Task brief: When a picture appears in the listing, leave it out and copy the rest exactly as it stands.
^^^^
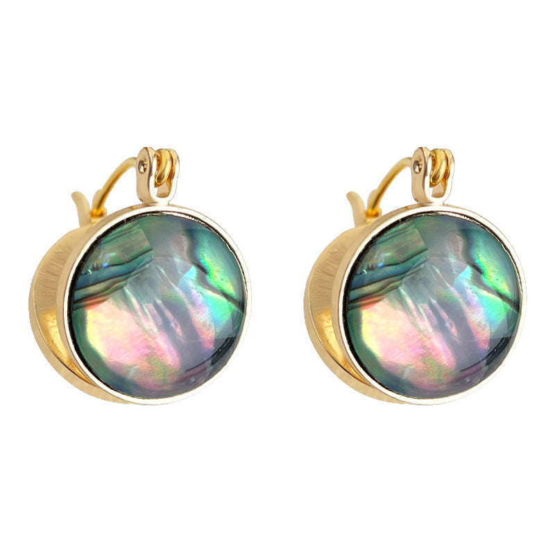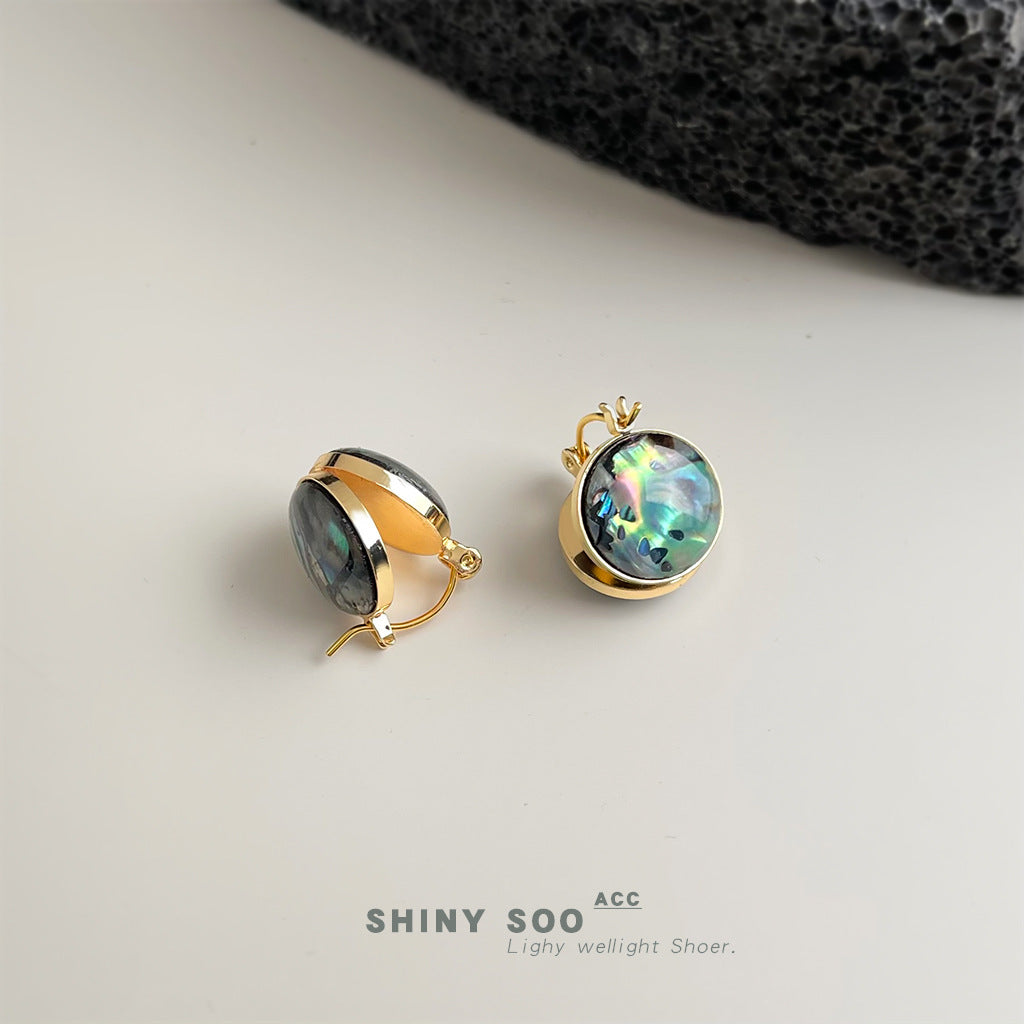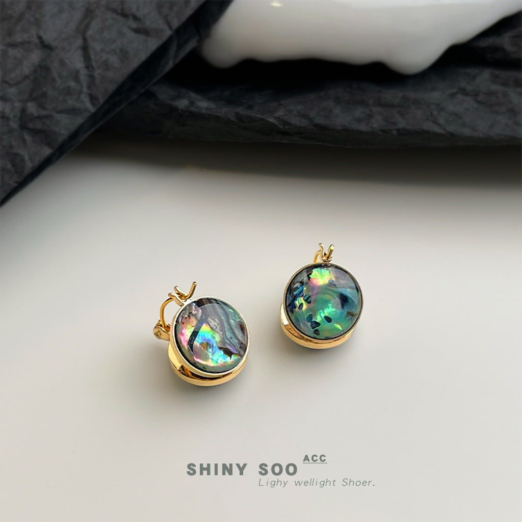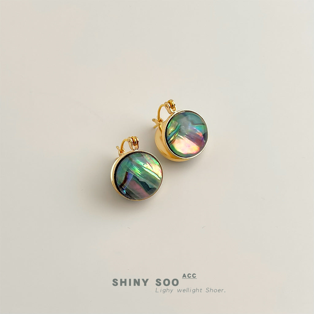 A廠【7101】鮑魚貝!時尚高級感輕奢風中古圓形幾何雙面耳飾貝殼耳環飾品 25.11-4
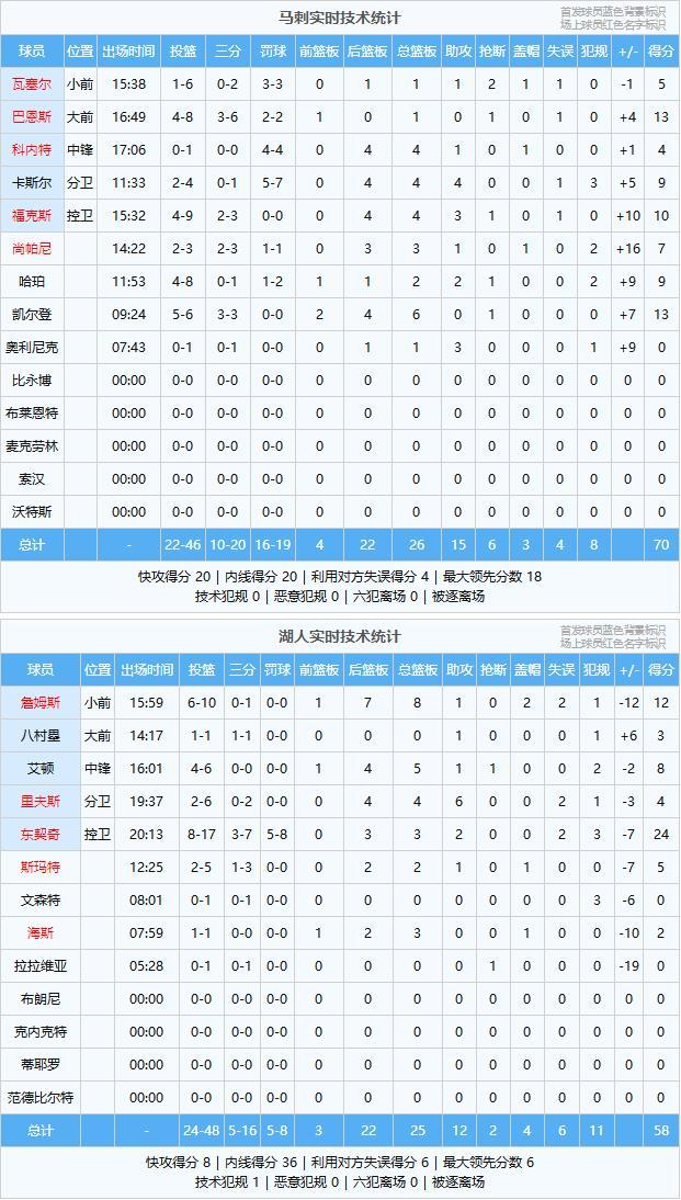 马刺(客队):凯尔登13分6板、巴恩斯13分1板、福克斯10分4板3助、卡斯尔9分4板4助、哈珀9分2板2助、尚帕尼7分3板1助、瓦塞尔5分1板1助2断、科内特4分4板1助、奥利尼克1板3助
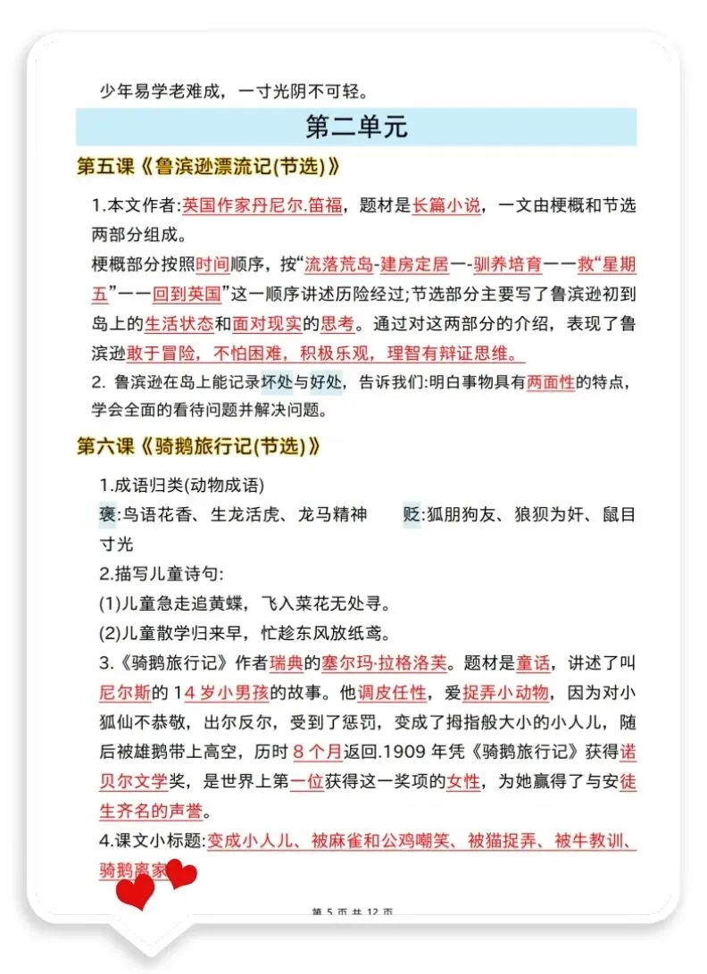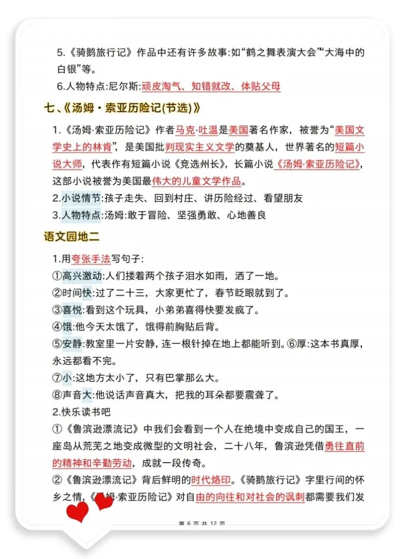26春六年级下册语文《全册核心考点》 电子版可下载打印
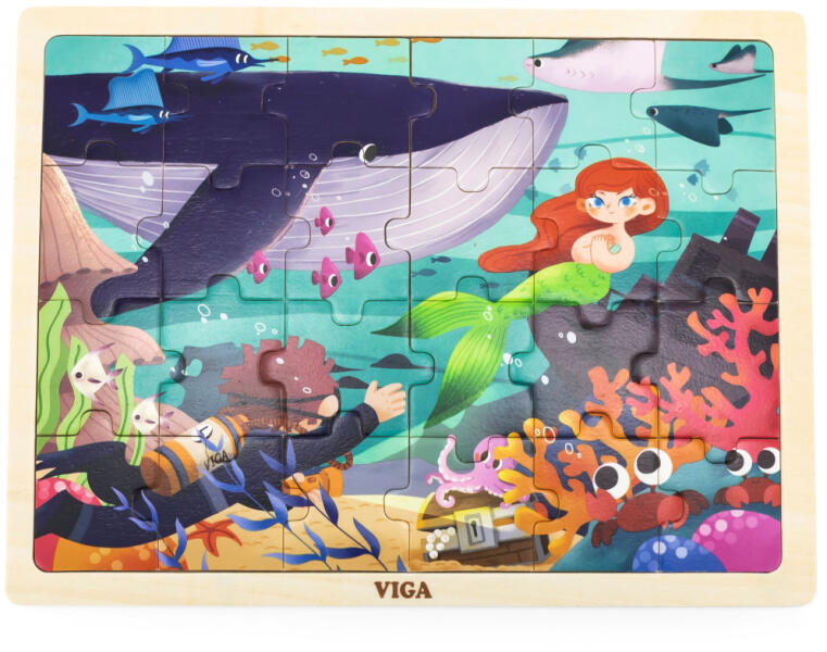 A VIGA Tenger titkaikirak óö sszes darabjaegy fa alapon található, amely nemcsak stabil felületet biztosít a kirakó összerakásához, hanem egy képet is tartalmaz, amelyet a gyermek kirakhat.
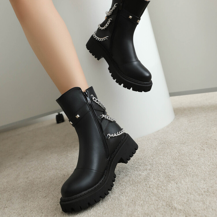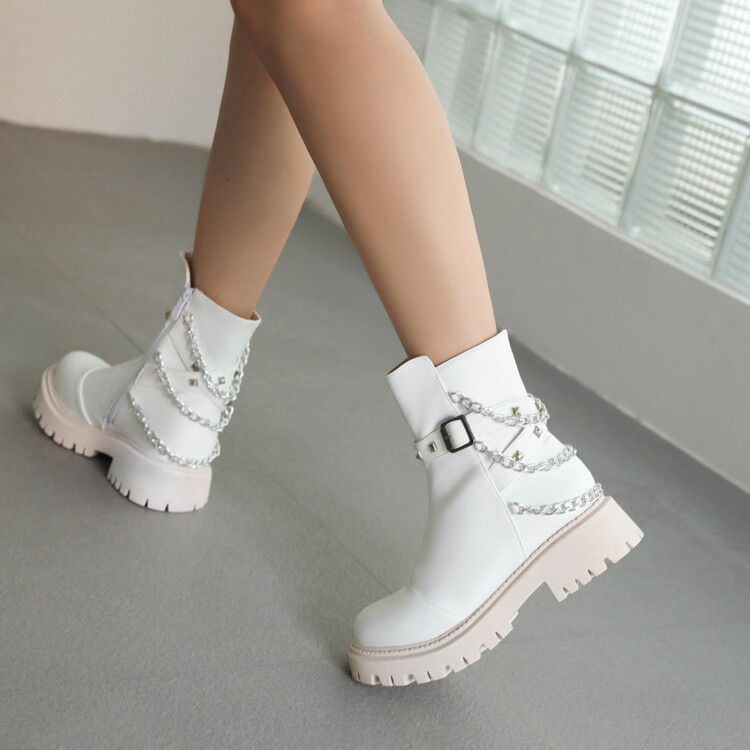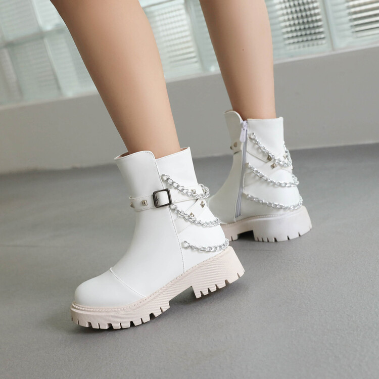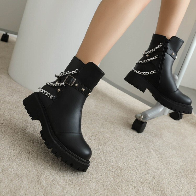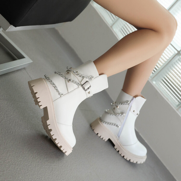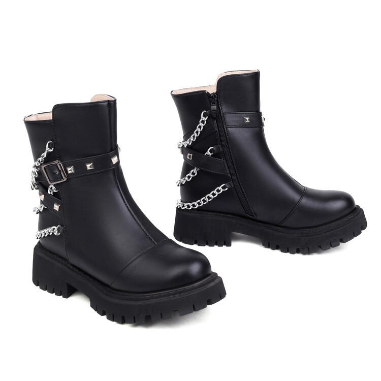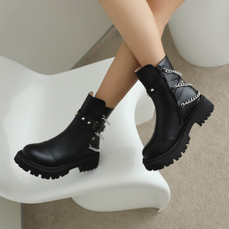 가을 로리타 낮은 굽 발목 부츠 플러스 사이즈 40-45 대외 무역 크로스-국경 여성 부츠 마틴 금속 체인 발목 부츠 2
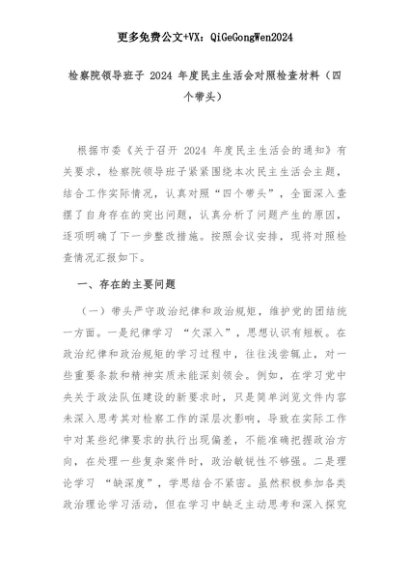 【七哥公文】2025年:检察院领导班子 2024 年度民主生活会对照检查材料(四个带头)+更多免费公文+VX:QiGeGongWen2024+更多免费公文+VX:QiGeGongWen2024
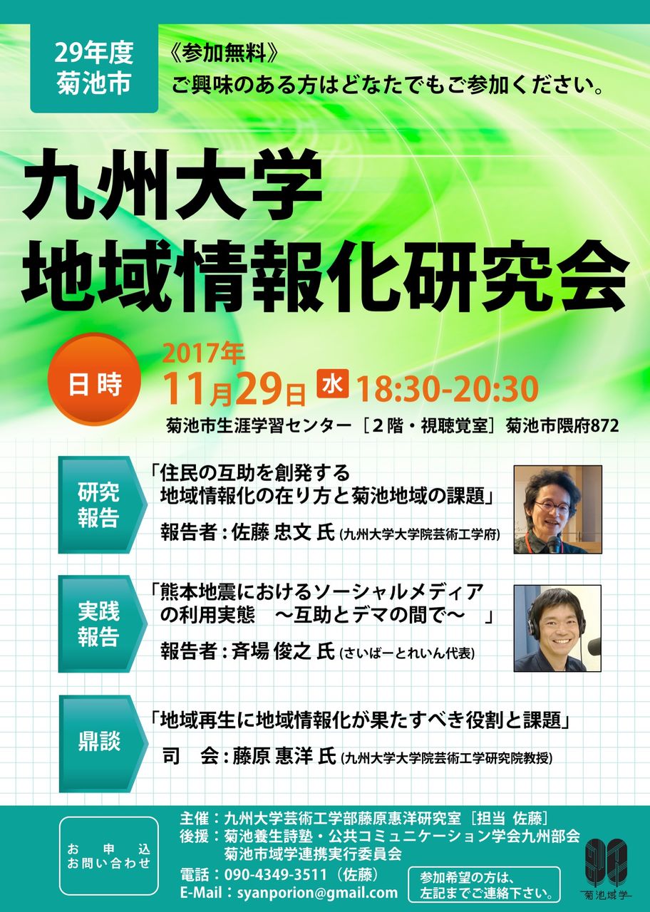 熊本県菊池市で、来たる11月29日に九州大学地域情報化研究会を開催します。
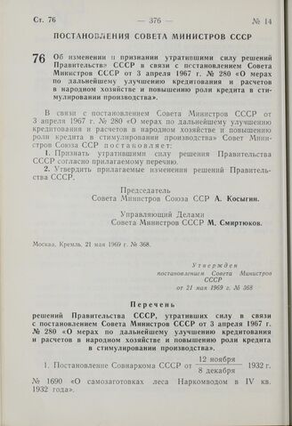 Постановление Совета Министров СССР. Об изменении и признании утратившими силу решений Правительства СССР в связи с постановлением Совета Министров СССР от 3 апреля 1967 г. № 280 «О мерах по дальнейшему улучшению кредитования и расчетов в народном хозяйстве и повышению роли кредита в стимулировании производства». 21 мая 1969 г. № 368
^^^^
Task output:
 A廠【7101】鮑魚貝!時尚高級感輕奢風中古圓形幾何雙面耳飾貝殼耳環飾品 25.11-4
 马刺(客队):凯尔登13分6板、巴恩斯13分1板、福克斯10分4板3助、卡斯尔9分4板4助、哈珀9分2板2助、尚帕尼7分3板1助、瓦塞尔5分1板1助2断、科内特4分4板1助、奥利尼克1板3助
26春六年级下册语文《全册核心考点》 电子版可下载打印
 A VIGA Tenger titkaikirak óö sszes darabjaegy fa alapon található, amely nemcsak stabil felületet biztosít a kirakó összerakásához, hanem egy képet is tartalmaz, amelyet a gyermek kirakhat.
 가을 로리타 낮은 굽 발목 부츠 플러스 사이즈 40-45 대외 무역 크로스-국경 여성 부츠 마틴 금속 체인 발목 부츠 2
 【七哥公文】2025年:检察院领导班子 2024 年度民主生活会对照检查材料(四个带头)+更多免费公文+VX:QiGeGongWen2024+更多免费公文+VX:QiGeGongWen2024
 熊本県菊池市で、来たる11月29日に九州大学地域情報化研究会を開催します。
 Постановление Совета Министров СССР. Об изменении и признании утратившими силу решений Правительства СССР в связи с постановлением Совета Министров СССР от 3 апреля 1967 г. № 280 «О мерах по дальнейшему улучшению кредитования и расчетов в народном хозяйстве и повышению роли кредита в стимулировании производства». 21 мая 1969 г. № 368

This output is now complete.